Images of Gaza and the Erasure of History

MEDIA, 25 Aug 2014

Ludek Stavinoha – Open Democracy

By failing to contextualise the Gaza assault the media helps embed a kind of official ignorance – much of the public have no idea what is actually happening, or why.

For more than four weeks now, Israel’s war on Gaza has dominated news headlines around the world, confronting us with images of its terrifying human toll. Yet, contrary to conventional wisdom, images of suffering, however tragic or gruesome, do not speak for themselves. Nor do such images “in themselves affect how audiences see the validity of actions in war”, as Professor Greg Philo of the Glasgow Media Group reminds us. Context is everything.

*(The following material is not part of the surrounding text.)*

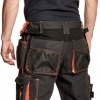 Vīriešu darba bikses ar elastīgu jostasvietu, divas sānu kabatas + 2 noņemamas instrumentu kabatas, viena universāla sānu kabata ar instrumentu cilpu.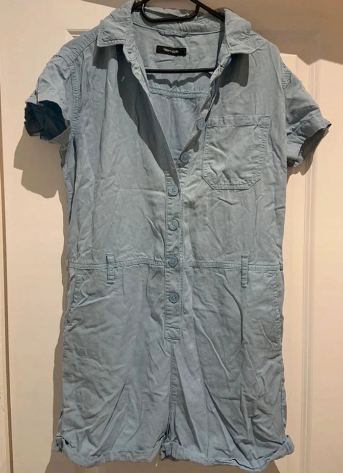 🔝 Combishort manches courtes Teddy Smith bleu clair jean taille S 36 en lin - photo numéro 1

What distinguishes Israel’s latest assault from previous attacks on the Gaza Strip is not its wanton brutality. This, after all, has long been the modus operandi of the ‘most moral army in the world’. This time, however, Israel has been unable to prevent the proliferation of first-hand reports by western journalists documenting the scale of the destruction.

Indeed, images such as those of the four boys killed by an Israeli shell while playing football on a beach have for many journalists and their audiences come to symbolise the obscenity of this war. As in Jon Snow’s courageous and humane series of reports for the UK’s Channel 4, the war on Gaza’s children – more than three hundred of whom have so far been killed and thousands more injured and traumatised – has left many journalists visibly distraught. “I’ve seen dead children before,” wrote Sara Hussein, AFP’s war correspondent, upon completion of her latest assignment, “but never like during this war in Gaza. Never so many, never so often.”

What is more, however slick its PR machinery may be, mainstream news reporters are challenging the official Israeli narrative as never before. Even on the BBC, reporters are refusing to accept attempts by the IDF’s spin-doctors to rationalise further killings and simultaneously absolve Israel of any culpability.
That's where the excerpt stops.